_Working data_
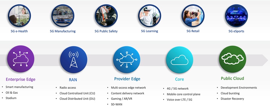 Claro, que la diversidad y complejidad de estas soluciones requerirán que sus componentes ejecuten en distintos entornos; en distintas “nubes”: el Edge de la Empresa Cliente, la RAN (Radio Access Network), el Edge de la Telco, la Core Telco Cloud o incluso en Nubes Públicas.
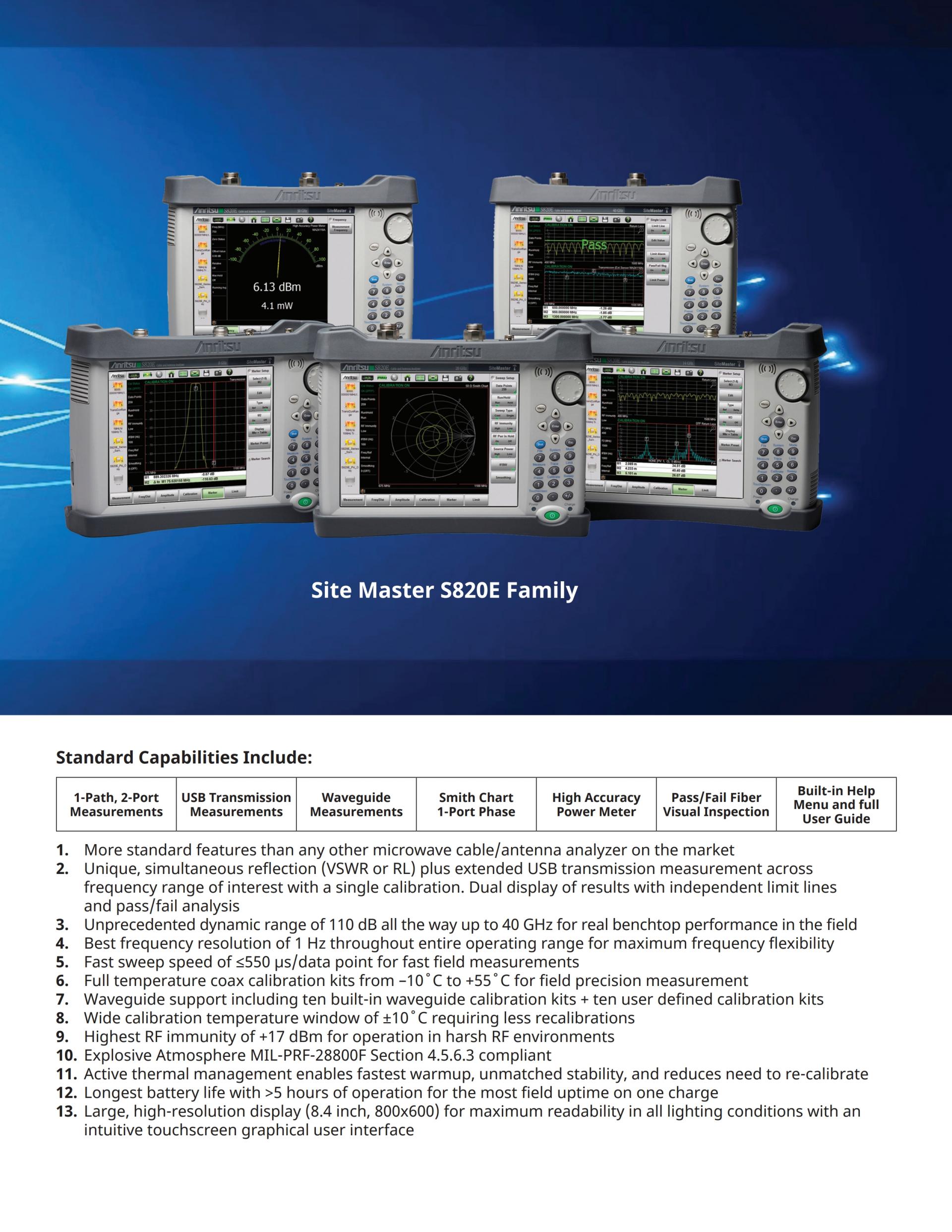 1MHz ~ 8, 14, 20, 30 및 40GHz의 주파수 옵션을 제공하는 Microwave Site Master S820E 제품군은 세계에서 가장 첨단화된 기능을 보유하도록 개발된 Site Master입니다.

...

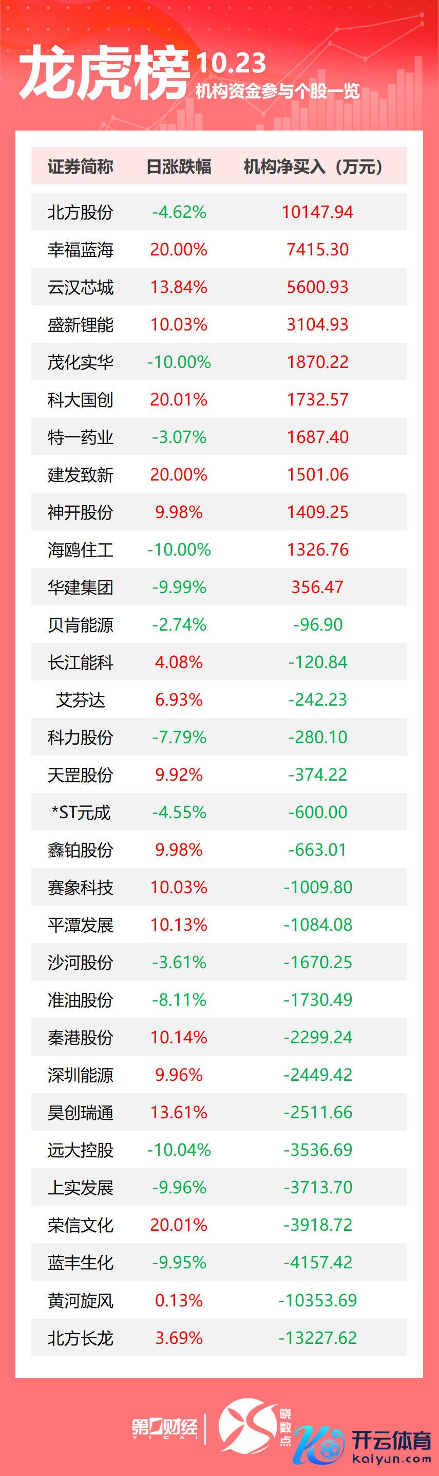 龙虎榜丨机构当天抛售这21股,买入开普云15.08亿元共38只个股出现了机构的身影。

_What the exercise asks_
Only one stretch of the material above is wanted: the line containing "Claro, que la" through the line containing "1MHz ~ 8, 14, 20, 30". Restate it word for word, minus the pictures.

_Exercise output_
 Claro, que la diversidad y complejidad de estas soluciones requerirán que sus componentes ejecuten en distintos entornos; en distintas “nubes”: el Edge de la Empresa Cliente, la RAN (Radio Access Network), el Edge de la Telco, la Core Telco Cloud o incluso en Nubes Públicas.
 1MHz ~ 8, 14, 20, 30 및 40GHz의 주파수 옵션을 제공하는 Microwave Site Master S820E 제품군은 세계에서 가장 첨단화된 기능을 보유하도록 개발된 Site Master입니다.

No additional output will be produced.